In Section 3, we explore the methodological approach used to assess the predictive abilities of the GPT-4 LLM, BERT, and FinBERT NLP models in crypto sentiment analysis and classification, seeking to understand their underlying complexities. This section reveals the results of the comparative analysis conducted between these three models at various stages of our research.

Before presenting our findings, it is crucial to emphasize the importance of model evaluation. In the fields of machine learning and NLP, evaluating models is crucial for understanding their performance. This is especially true in finance and cryptocurrencies, where informed decisions are paramount. Table 1 summarizes a comprehensive range of evaluations for each model, incorporating a variety of essential evaluation metrics. In this table, the “Pr” represents the precision metric, “Re” is the recall metric for each class, “F1” signifies the F1-score, and “T” indicates the time in seconds required to fine-tune a model. Notably, the 0 class denotes the negative, the 1 class signifies the positive, and the 2 class indicates neutrality.

4.1. GPT Base Model Evaluation Phase

In the initial phase of our study, we used the GPT-4 LLM base model, specifically gpt-4-0125-preview, to conduct sentiment analysis and classification on cryptocurrency news articles. We employed the test set consisting of 1000 articles with the goal of assessing the accuracy of the GPT base model in categorizing each article’s sentiment (positive, neutral, or negative).

Upon thorough analysis of the model’s outputs and comparison with the original user-provided labels, we made several notable observations. The gpt-4-0125-preview model exhibited a commendable level of accuracy, correctly predicting the sentiment class for 82.9% of the articles. This equates to successful predictions for 829 out of the 1000 articles in our test dataset. These results demonstrate that even the base model, without specific fine-tuning, shows a significant ability to infer sentiment from content based on contextual clues.

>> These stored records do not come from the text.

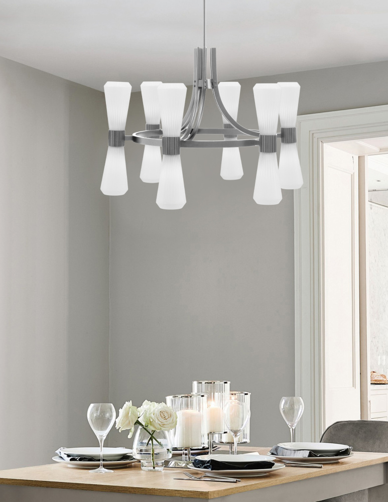 4846-GP-881 - Everleigh 12 Light Chandelier Shown in Graphite Finish with 4" White Glass
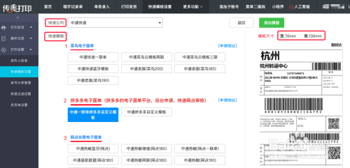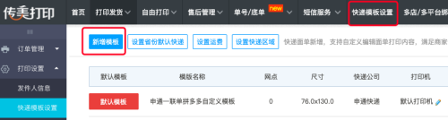 需注意:按照购买的热敏纸大小,创建对应尺寸快递模板
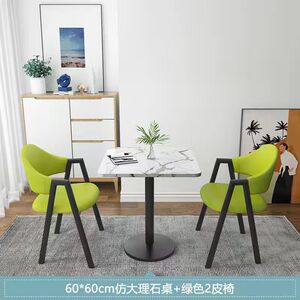 模造白石テーブルトップ + フルーツグリーンレザーチェア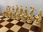An elegant chess set made of ash with brown tones and premium velvet-lined drawers. 32 highly detailed pieces: knights and heroes of Ukraine – T. Shevchenko and L. Ukrainka.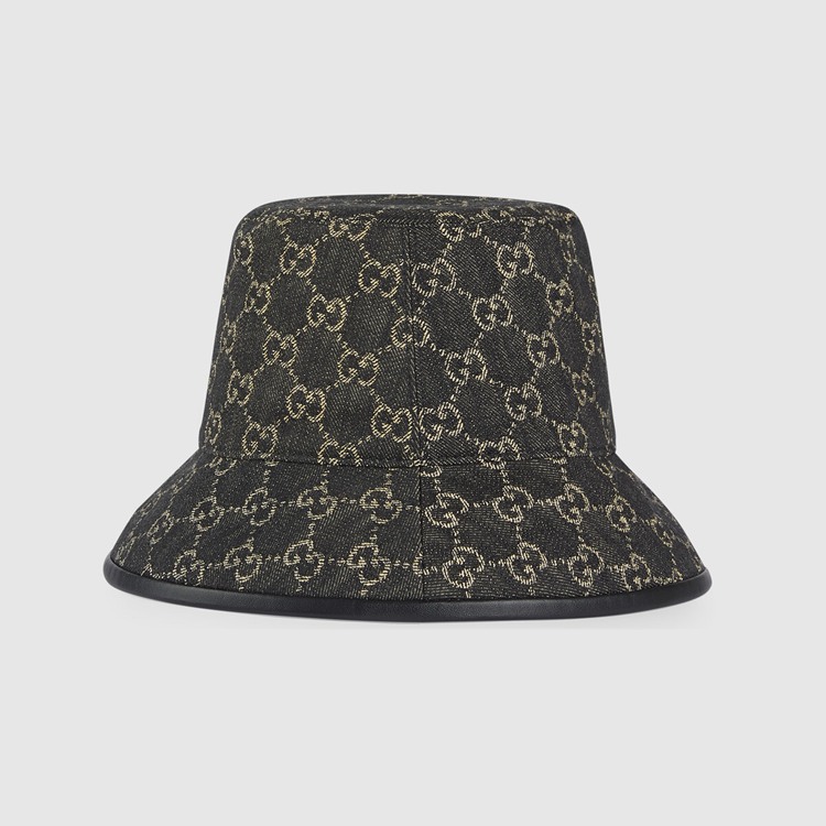 Style 576371 3HAF8 1060An evolution of The original Gucci rhombi design from The ’30s, The pattern is now an established emblem of The brand’s heritage. This bucket hat is constructed from black and ivory GG denim, completed by a black leather trim.

It is important to highlight that achieving an 82.9% accuracy rate in predictive modeling is quite high, indicating that the model can be confidently applied to sentiment analysis and classification tasks. Nonetheless, further improvements can be achieved by fine-tuning the models to better suit the specific task at hand. This refinement process can enhance their ability to capture and understand complex patterns and relationships within the data.

4.2. Fine-Tuned Models Evaluation Phase

In the subsequent phase of our research, we focused on fine-tuning the GPT-4, BERT, and FinBERT models using two different optimizers. This fine-tuning process was conducted using a training set of 3200 cryptocurrency articles, with the primary objective of enhancing the models’ performance and their ability to analyze cryptocurrency sentiment.

From Table 1, we draw valuable insights showcasing the significant applicability of both LLMs and NLP models for the specific task, particularly after fine-tuning. The fine-tuned GPT-4 model emerges as the top performer, boasting an impressive accuracy rate of 86.7%, closely followed by FinBERT with 84.3%, and BERT with 83.3%. Notably, it is crucial to highlight that both the BERT and FinBERT models achieved higher accuracy when using the Adam optimizer instead of AdamW.

Precision values, indicating the models’ ability to accurately classify instances within each class, vary across models and classes. Interestingly, the GPT base and fine-tuned models demonstrate relatively higher precision in predicting positive labels (class 1), while both the BERT and FinBERT models excel in predicting neutral labels (class 2), suggesting a higher tendency for false positives in the class 0 and 1.

The recall values reflect the models’ proficiency in correctly capturing instances of each class. For instance, the ft:finbert-adamw model exhibits high recall for class 2, highlighting its effectiveness in identifying instances belonging to that class.

The F1-score, striking a balance between precision and recall for each class, showcases the ft:gpt-4 model’s superior performance with the highest F1-score for class 1, indicating its balanced precision and recall for that class.

In summary, while each model displays strengths in specific metrics, the fine-tuned GPT-4 model emerges as the standout performer with high accuracy, balanced precision and recall, and low mean absolute error, suggesting its superior performance across multiple evaluation criteria. Nevertheless, the choice of model may vary depending on specific use cases or priorities, where other models may offer advantages in certain aspects such as recall for specific classes or precision in particular scenarios.

4.3. Assessing Models’ Performance and Proximity with Original Labels

To visualize our findings, we chose to use stacked bar charts generated by the crosstab function from the pandas library (Figure 1, Figure 2 and Figure 3). This method will provide readers with more detailed insights into the distribution of predictions compared to the corresponding sentiment labels given by users.

Analyzing the stacked bar charts offers valuable insights into model behavior after fine-tuning. In Figure 1, both the base and fine-tuned GPT-4 models demonstrate a balanced distribution of predictions for positive and negative labels. However, the base GPT-4 model exhibits significantly more errors in predicting neutral labels compared to its fine-tuned counterpart, highlighting the necessity of fine-tuning to improve accuracy in predicting neutral sentiment.

Continuing this analysis in Figure 2, focusing on the fine-tuned BERT models, we observe similar challenges with the ADAMW optimizer in accurately identifying positive labels, despite achieving 88% accuracy in predicting negative labels.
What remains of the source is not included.